Hi, I'm going tow work on the analysis of RNA-seq data. I have been struggling a lot in these 2 days to find out how to analyze them.
I feel like "Detection of Differentially Expressed Genes" could be a good subject to work on. The problem is I don't know how to input the data in R packages.
Does anyone have the experience in using statistical R packages such as "GPseq", "DEGseq", "edgeR", "DESeq", "NBPSeq", etc.?
If I only have the fastq files, how should I input the data? I also appreciate it If you introduce me any other software which is more user friendly and is also based on statistical approaches.
Thanks
Would you happen to have a bioinformatician in the vicinity? You have to follow a pipeline to assemble/align and obtain counts before you can run statistical analyses. Given that you're focused on the statistics end of this, I'd recommend getting the alignment done by a bioinformatics professional. You can then work with them on obtaining the counts, and then on differential expression analysis.

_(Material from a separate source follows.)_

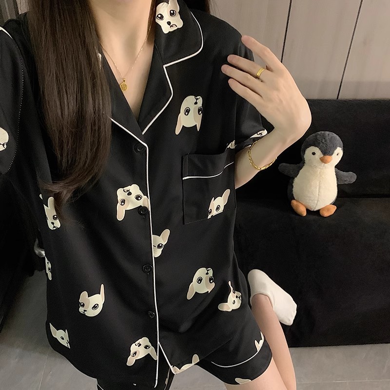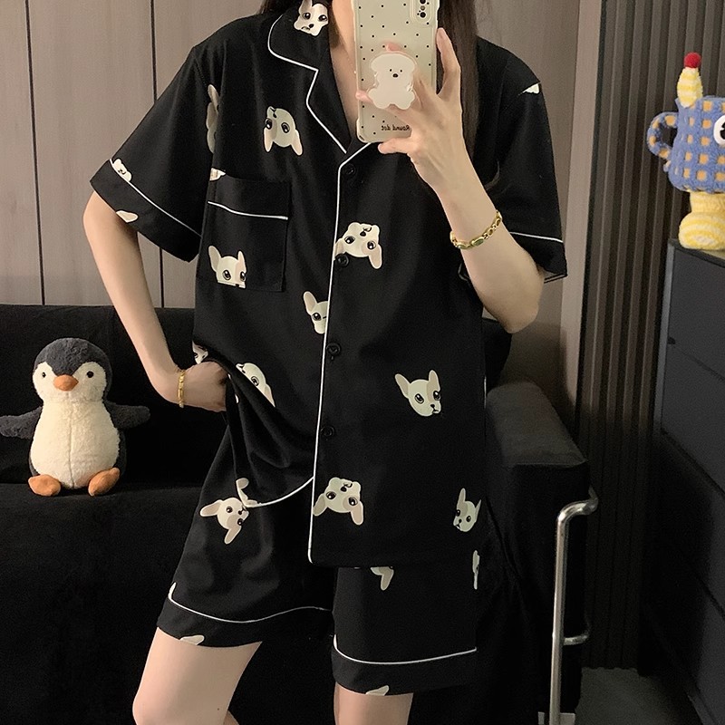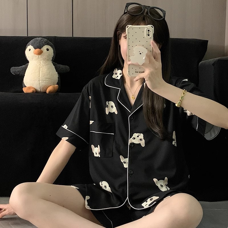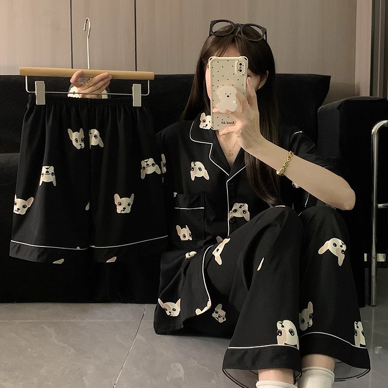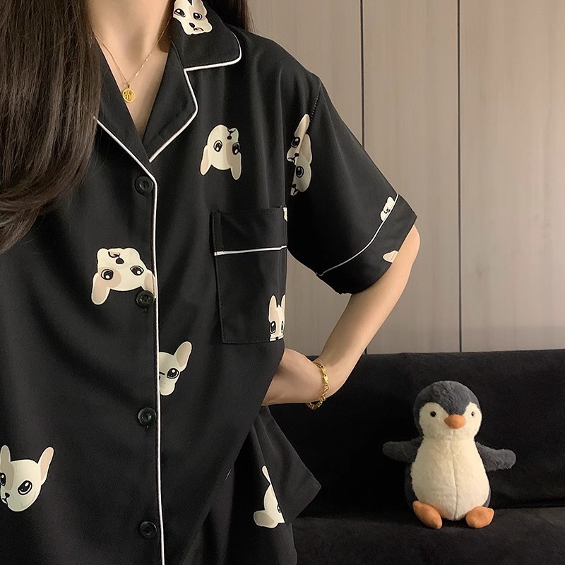 • 평직-검은색 강아지 [반팔+반바지+바지]

Yes, Counts! they are exactly what I read in input commands... Do you think I can do it on my own? if there are any codes or softwares that are meant for this... Also, what more information/data do we need to align and obtain counts? Sorry for my simple questions, I'm an amateur...
Your best bet is to obtain a pre-built RNA-seq processing pipeline from another lab or from your bioinformatics core (if you have one). Something like this would process your fastq files into mapped bam files that can then be input into featureCounts to obtain the count information you will need to conduct differential gene expression analysis.
and what is "count" exactly? count raw reads?
Generally yes. Packages like DESeq2 expect you to provide raw read counts for genes/features.
You can do the counting on your own. featureCounts and HTseq-count are two popular counting programs, if you have aligned (BAM) data files. STAR aligner has options to do counts during alignment directly.
Counts are the number of mapped reads that appear in a specific genomic region.
@natalia: Is there a reason you are "bumping" your past posts up to main page?
Oh, no I didn't know I'm bumping them... How can I stop it? I was editing some parts of them and didn't mean to post them again on main page.
No problem. Editing an original post "bumps" it up to main page automatically. That is a feature of biostars. I was not sure if you were doing that intentionally.